Canadian businesses need to address the growing anti-bribery net of legislation
13 Nov, 2012
FRA pinpoints top five risks facing Canadian businesses operating in BRIC countries
Forensic Risk Alliance (FRA), the consultancy firm specializing in forensic accounting, eDiscovery and data forensics, can, today, reveal the five most frequent regulatory and compliance-related risks that businesses face whilst operating, starting-up or expanding their operations abroad.
Canada’s laws are being enforced more stringently and frequently, making it more complex for Canadian based companies to operate both there and in emerging markets. This applies not just to Canada’s own Corruption of Foreign Public Officials Act (CFPOA) but also to the anti-bribery and anti-corruption statutes of other countries like the US’s Foreign Corrupt Practices Act (FCPA) or the UK’s recently enacted Bribery Act.
The impact of more onerous legislation on Canadian extractive companies is not to be underestimated. The OECD Phase 3 Report published in March 2011 outlines their extensive global footprint: Canadian mining companies have invested over $60 billion in developing countries, including approximately $41 billion in Latin America (including Mexico) and almost $15 billion in Africa. To give a further sense of the importance of Canadian companies in the sector, they account for 43 percent of global exploration expenditure and, in 2008, over 75 percent of the world’s exploration and mining companies were headquartered in Canada. These 1293 companies had an interest in some 7809 properties in Canada and in over 100 countries around the world.
At a recent series of roundtable discussions in Canada, on the subject of “Effective Risk Assessment, Due Diligence and Audits for Mining Companies Operating in Foreign Jurisdictions”, participants discussed the importance of anti-bribery audits with the objective of demonstrating how companies could minimize risk with respect to anti-corruption.
Key findings identified by FRA from these discussions include:
1. Against a backdrop of increasingly complex legislation, changing politics and environmental issues, investigations are increasing and the RCMP (Royal Canadian Mounted Police) is ramping up investigations since the OECD Phase 3 report was published in March 2011 and gave Canada a “fail” grade.
2. It is still unclear how confrontational enforcement agencies will become. Will Canada’s RCMP become as aggressive as the Department of Justice in the US? A number of high profile cases will set the standard in the next 18 months or so.

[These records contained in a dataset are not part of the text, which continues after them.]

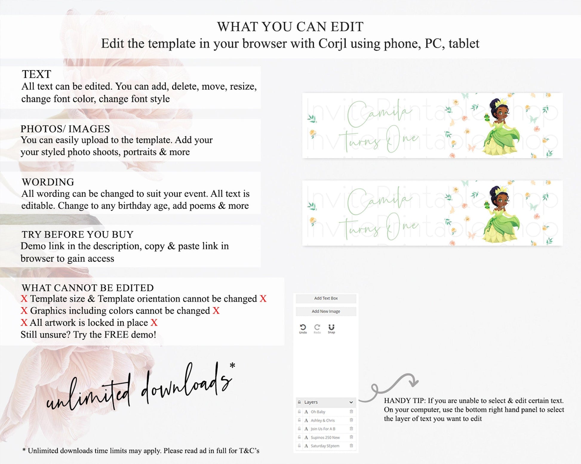 • After purchase, Corjl emails your editing link. Allow up to 15 minutes for delivery.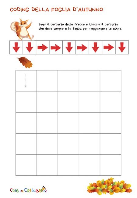 Il coding per bambini sull’autunno è un’attività educativa che combina divertimento e logica, aiutando i bambini a sviluppare importanti competenze di ragionamento. Questa scheda da scaricare e stampare gratuitamente permette ai bambini di apprendere le basi del coding attraverso un percorso stagionale a tema autunnale.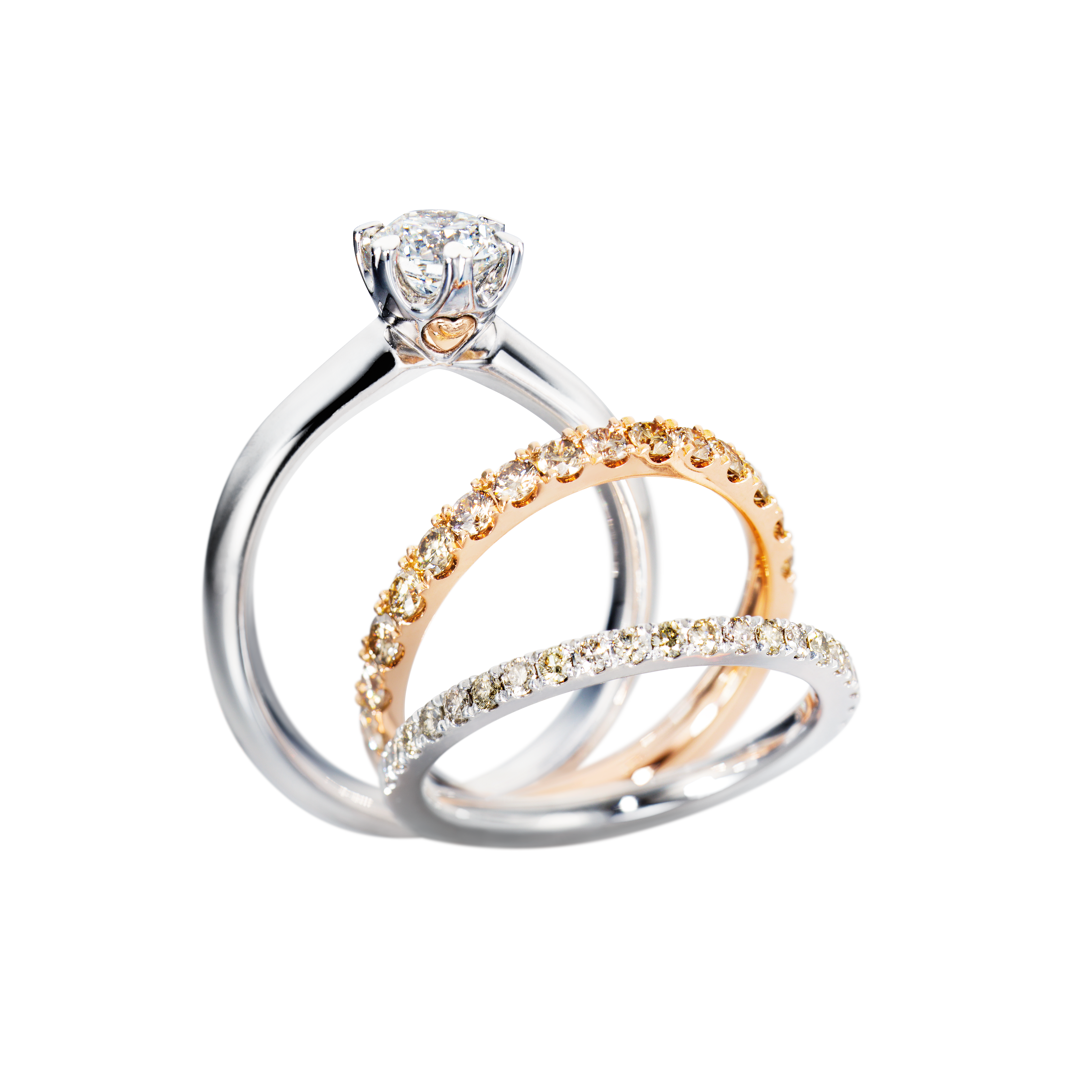 Wir von CAPOLAVORO haben bei dem Design der Ringschiene von unseren Ringen aus der Diamante in Amore Linie extra darauf geachtet, dass diese Ringe sich harmonisch und nahtlos an einen Ehe- oder Memoirering schmiegen.

3. The extractive industry, in particular, is vulnerable to enforcement due to these factors:
a. Corruption perception indexes are higher in the emerging markets where they operate
b. Joint venture partners could expose a company inadvertently to infringements of the law
c. Customs clearance is often where bribery and corruption is rife
d. Use of agents in business dealings
4. The real cost, damage and impact of an investigation is much higher than actual penalties levied. For example:
a. Drop in stock price (and associated liability a company then faces with respect to class action suits, etc.)
b. Distraction from core business
c. Loss of investor financing
d. Resource costs and professional fees associated with responding to allegations
e. Negative publicity resulting in a decrease in the value of the company’s brands
5. Agreements such as Bilateral Investment Treaties can become null and void as a result of bribery to secure contracts, leaving exposed companies with little recourse in the event that a concession is wrongfully taken away.
FRA’s COO, Maggy Deacon, concludes: “From our hands-on experience we can reveal that companies who carry out an anti-bribery audit proactively, rather than in response to an inquiry from a regulatory authority, will win out because they minimize their exposure to business costs and punitive fines. We have seen a clear trend that Canadian companies are waking up to the reality of their vulnerability when operating in emerging markets and that extractive sector companies are being proactive in the sense that they are taking action to minimize their exposure to risk now, rather than taking a ‘wait and see’ approach.”